"Absolutely Fabulous" is a song by English synth-pop duo Pet Shop Boys, released as a single for 1994's Comic Relief under the artist name "Absolutely Fabulous"; it is based on the BBC sitcom of the same name created by Jennifer Saunders and features sound bites taken from the first series of the show. The single peaked at number six on the UK Singles Chart and number seven on the US Billboard Hot Dance Club Play chart. It was more successful in Oceania, debuting and peaking at number two in both Australia and New Zealand; in the former country, it is the band's highest-charting single, and in both, it was their last top-10 entry.

Critical reception
In his weekly UK chart commentary, James Masterton wrote, "It is ostensibly a comedy record but few comedy records claim to possess as much dancefloor credibility as this one." He added, "Now its stars, Jennifer Saunders and Joanna Lumley team up with the Pet Shop Boys to make this dance track, interspersed with sampled dialogue from the TV series along with various posturings from Edina and Patsy of which 'Techno Techno Bloody Techno Darling!' is possibly a highlight..." Pan-European magazine Music & Media described it as "a Pet Shop electro popper". Alan Jones from Music Week rated it five out of five and named it Single of the Week, adding, "The Pet Shop Boys have done a splendid job assembling some memorable snippets from the TV series' Patsy and Edina over a relentless disco beat. All profits from the single – which are likely to be considerable – go to Comic Relief. A potential number one."

Music video
The accompanying music video features the Pet Shop Boys performing while Absolutely Fabulous characters Edina and Patsy (Jennifer Saunders and Joanna Lumley) dance around them. Clips from the first two original TV series are interspersed throughout the video.

Releases
Apart from its release as a single, the song "Absolutely Fabulous" also appears on the "Further Listening" disc that came with the 2001 reissue of the Pet Shop Boys album Very. The music video clip of the song features on Pet Shop Boys' video compilation Various, available on VHS, as well as on the AbFab DVD collection of series one through three.
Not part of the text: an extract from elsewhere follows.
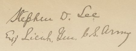 (1833-1908) Confederate Lieutenant General who directed artillery at Second Bull Run and Antietam, later led a corps at Atlanta and in the Carolinas. Bold signature on a card: "Stephen D. Lee...Lieut. Gen. C. S. Army". Light toning, otherwise very good.
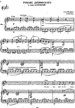 Dubrovsky (Russian: Дубровский) is an opera in four acts (5 scenes), Op. 58, by Eduard Nápravník, to a Russian libretto by Modest Ilyich Tchaikovsky after the novel of the same title (1832) by Alexander Pushkin.

The Our Tribe Tongue-In-Cheek Mix version of the song features on the band's Disco 2 album.

Track listings

 UK and Australian CD single
 "Absolutely Fabulous" (7-inch mix)
 "Absolutely Fabulous" (Our Tribe Tongue-in-Cheek mix)
 "Absolutely Dubulous"
 "Absolutely Fabulous" (Dull Soulless Dance Music mix)

 Withdrawn UK CD single
 "Absolutely Fabulous" (7-inch mix)
 "Absolutely Fabulous" (Our Tribe Tongue-in-Cheek mix)
 "Absolutely Dubulous"
 "This Wheel's on Fire"

This CD was withdrawn due to copyright legalities for "This Wheel's on Fire".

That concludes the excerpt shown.